Number of hits/requests from a specific IP address#
Running the query above will give you a general look at all the traffic to your site, but what if you want to narrow in on a specific IP address? Perhaps you want to see how many times an IP has hit your site and what specific pages they were looking at. This next query should help.
We are going to start off with the same query as above, but we are going to add a couple of things.
- First, add the following fields:
client_ip
andhttp_request
. - This will show you a list of all IP addresses and the page they requested. Here is what we see for the amazee.io website:
That looks good, but what if we wanted to just show requests from a specific IP address? You can filter for the address by adding it to your search criteria.
- We are going to add:
AND client_ip: "IP address"
. - That will filter the results to just show you hits from that specific IP address, and the page they were requesting. Here is what it looks like for our amazee.io website:
Container Logs#
Container logs will show you all stout
and sterr
messages for your specific container and project. We are going to show an example for getting logs from a specific container and finding specific error numbers in that container.
Logs from a container#
Want to see the logs for a specific container (php, nginx, etc)? This section will help! Let's focus on looking at NGINX logs.
- We start by opening up Kibana and selecting Discover (#1 in the screen shot below).
- From there, we select the container logs for our project (#2).
- Let's go to the search bar (#3) and enter:
kubernetes.container_name: "nginx"
- This will display all NGINX logs for our project.
- Clicking on the arrow next to an entry (#4) will expand that entry and show you all of the information it gathered.
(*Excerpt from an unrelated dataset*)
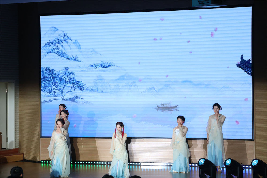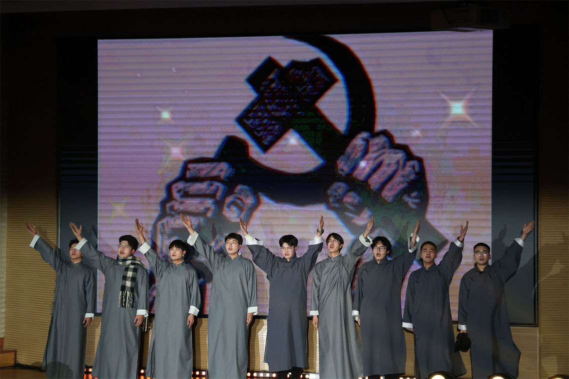 在篇章一“青青子衿,志怀家国”中,师生合唱《国家》用真挚动人的歌声礼赞祖国,祝福祖国明天更加美好。舞蹈《小城谣》以轻盈灵动的舞姿带领师生穿越回孩童时代,表达了青年学子对美好生活的向往和追求。诗朗诵《百年沧桑》带领师生走进那段风雨如晦却又英雄辈出的革命岁月,感受先辈们不屈的斗志。

- Let's add the message field and the level field to the view. You can do that by clicking on "Add" on the left hand side (#5).
- You can change the time frame in the upper right hand corner of the screen (#6), in the example below I'm looking at logs for the last 4 hours.
Specific errors in logs#
Want to see how many 500 Internal Server errors you've had in your NGINX container? You can do that by changing the search query. If you search:
kubernetes.container_name: "nginx" AND message: "500"
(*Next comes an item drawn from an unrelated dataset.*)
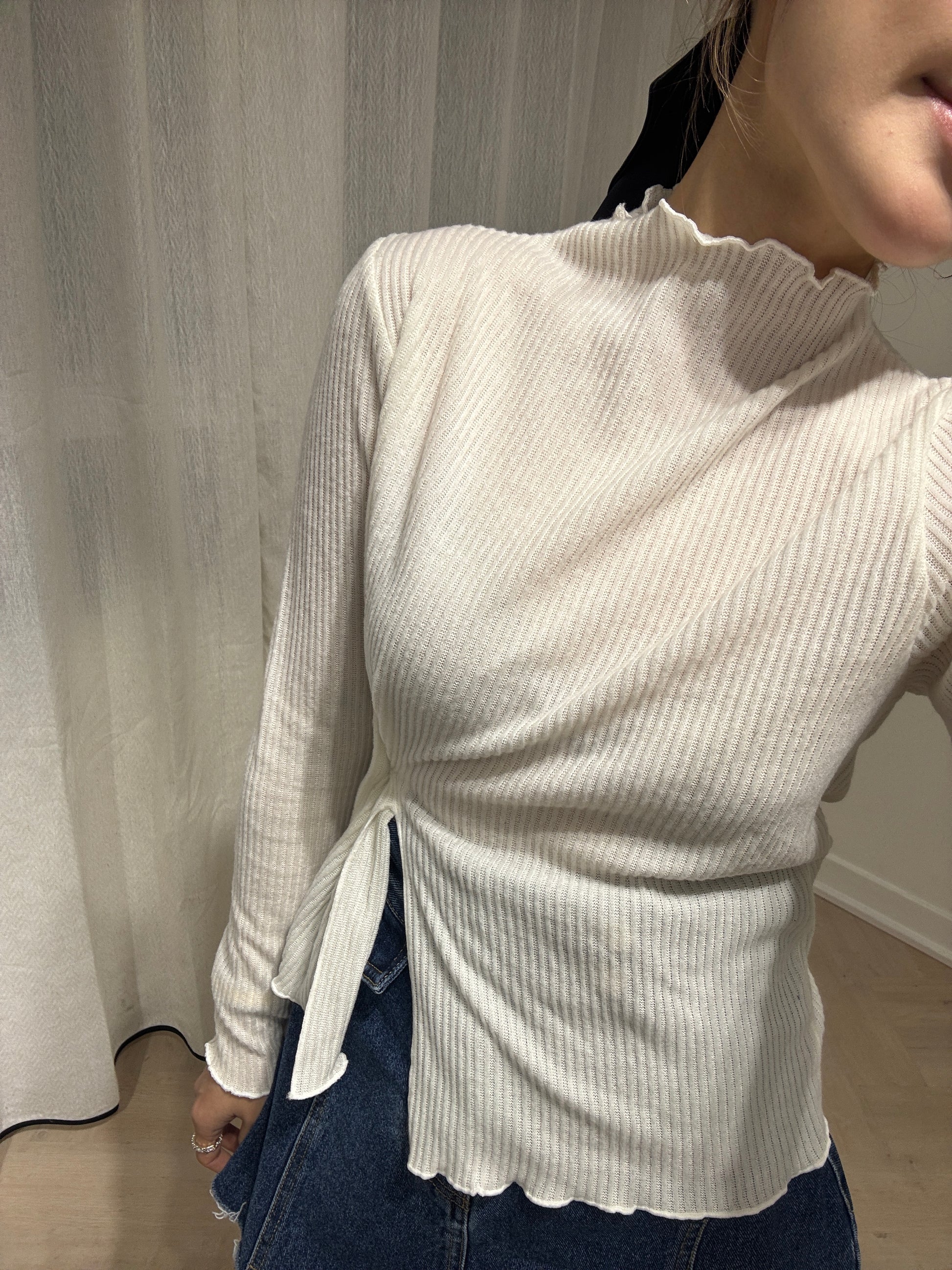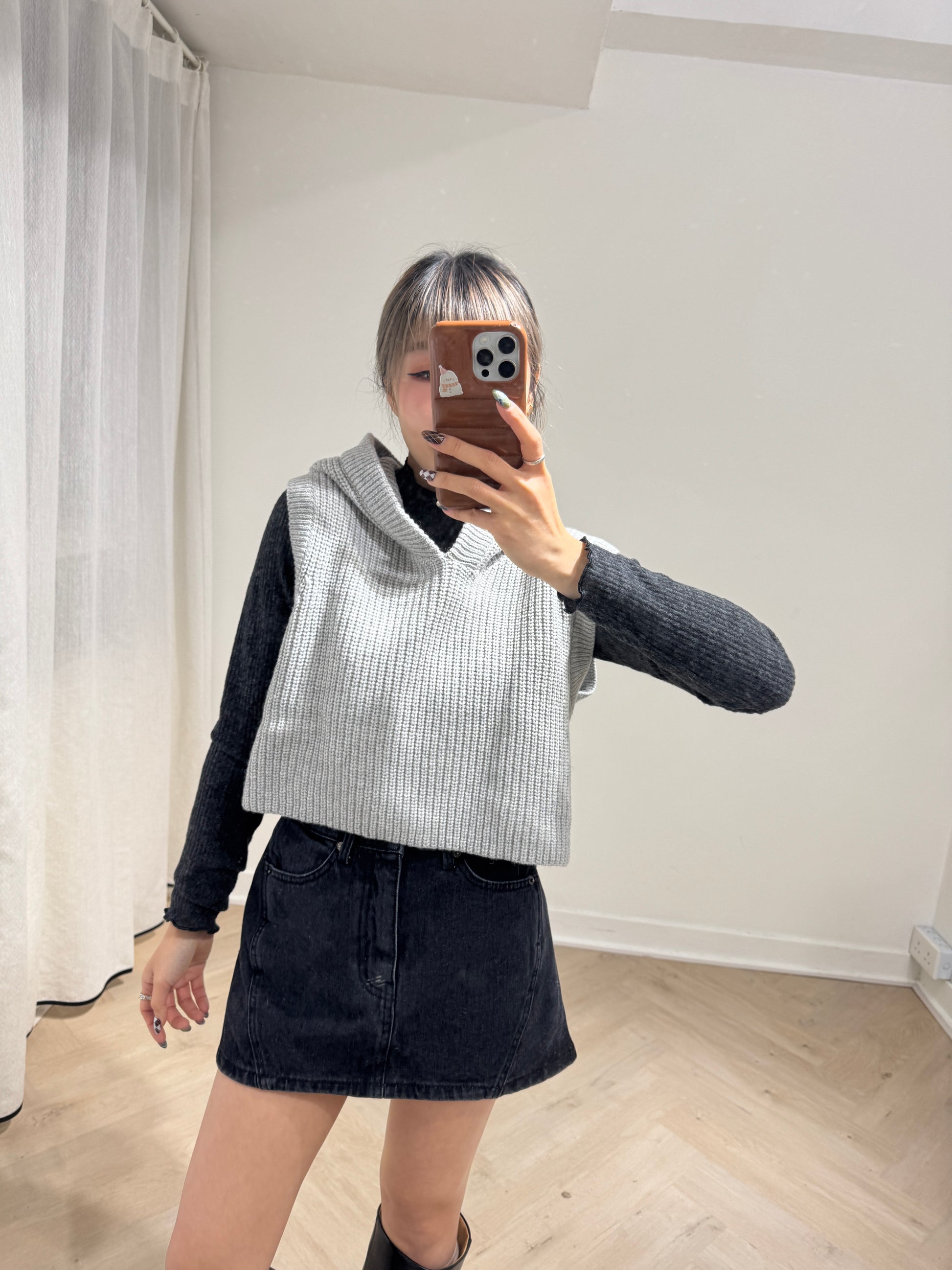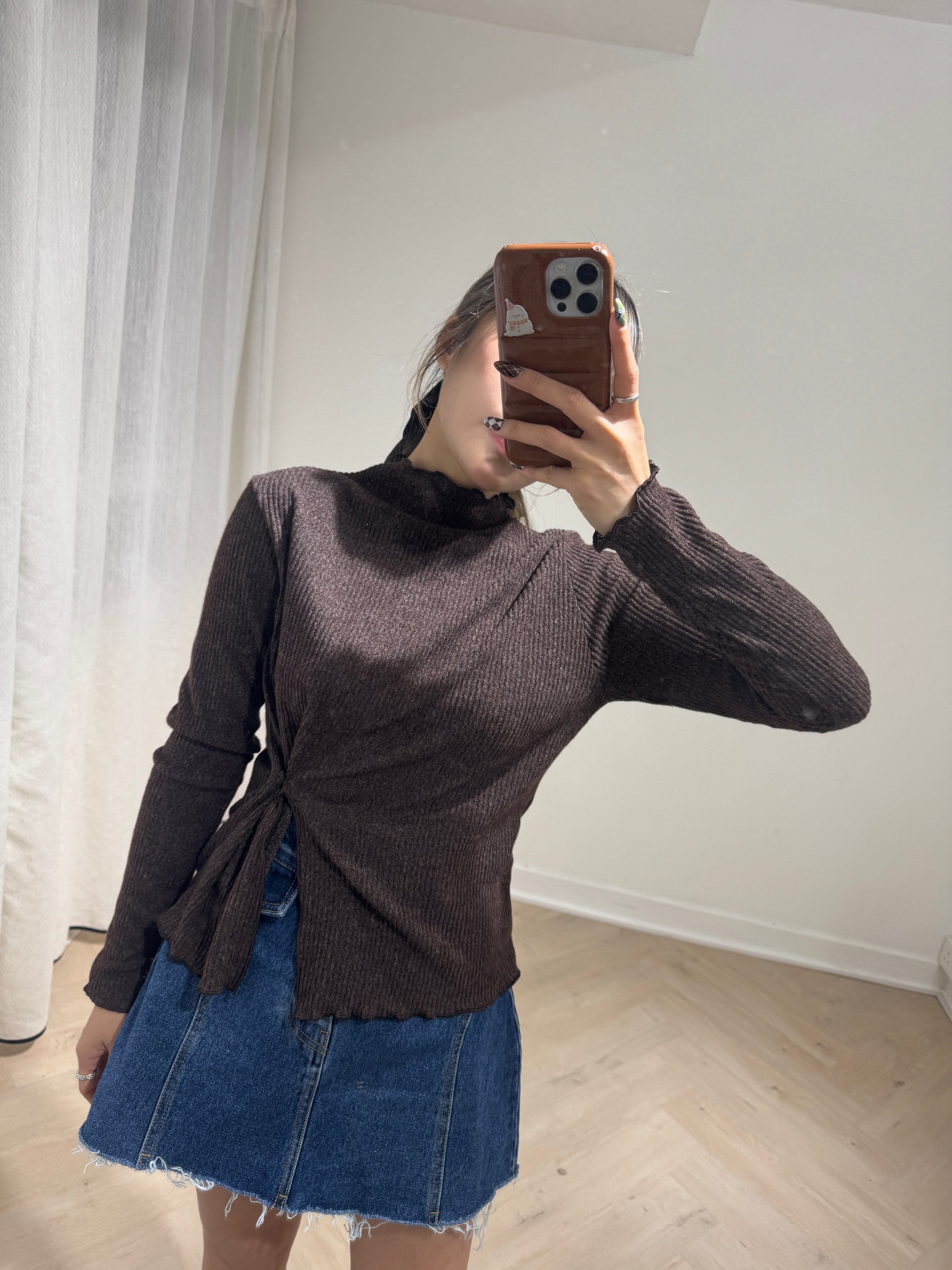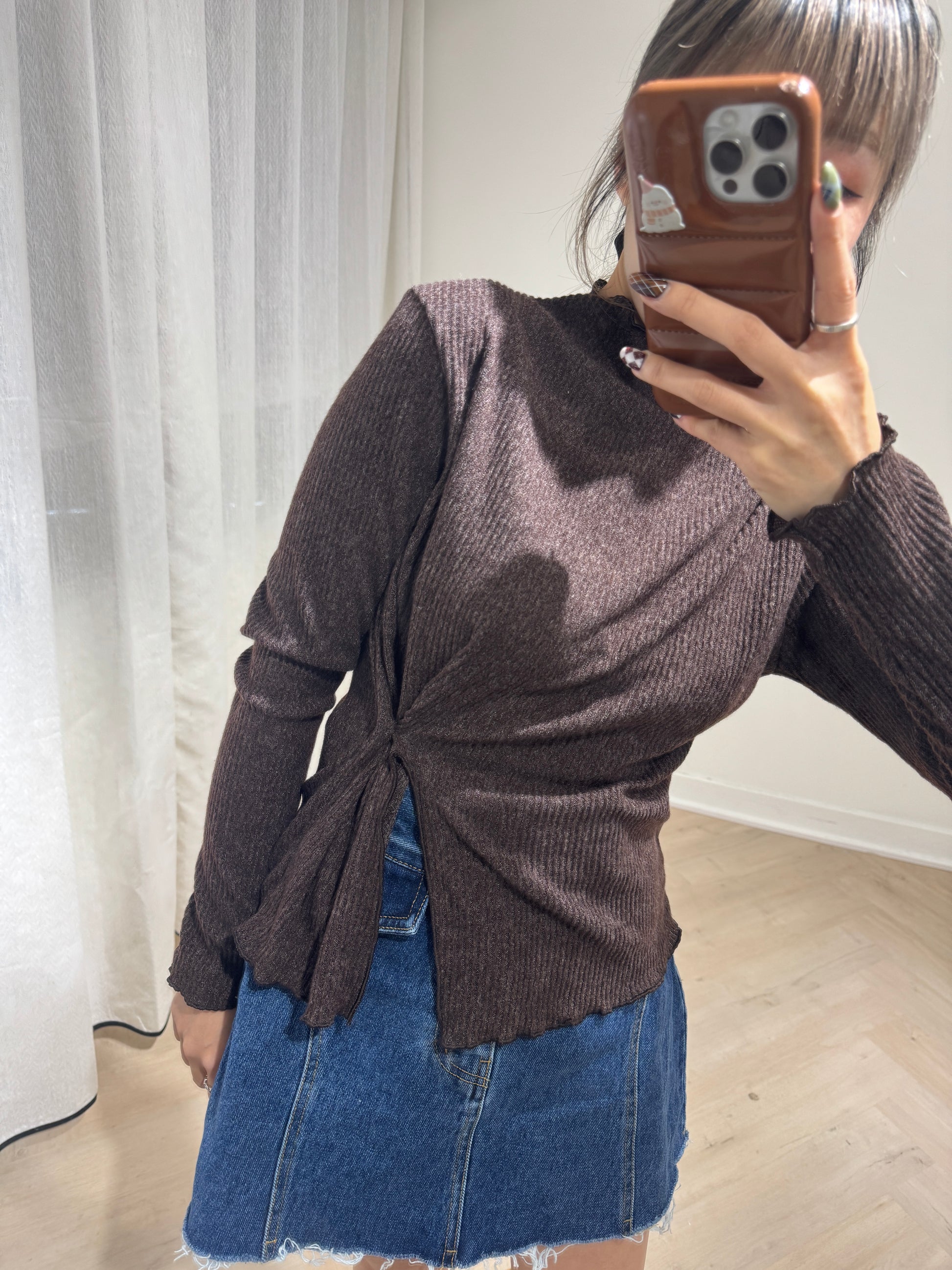 直紋木耳邊側鈕扣上衣 ( 米白/啡/深灰 )

That will only display 500 error messages in the NGINX container. You can search for any error message in any container that you would like!
Visualization#
Kibana will also give you the option to create visualizations or graphs. We are going to create a chart to show number of hits/requests in a month using the same query we used above.
- Click on Visualize on the left hand side of Kibana.
- Click on the blue plus sign.
- For this example, we are going to select a Vertical Bar chart.
- Select the router logs for your project.
- Click on X-Axis under Buckets and select Date Histogram, with the interval set to daily
- Success!! You should now see a nice bar graph showing your daily traffic.
Note
Make sure that you select an appropriate time frame for the data in the upper right hand corner.
Here is an example of a daily hits visualization chart:
Also note that you can save your visualizations (and searches)! That will make it even faster to access them in the future. And because each account has their own Kibana Tenant, no searches or visualizations are shared with another account.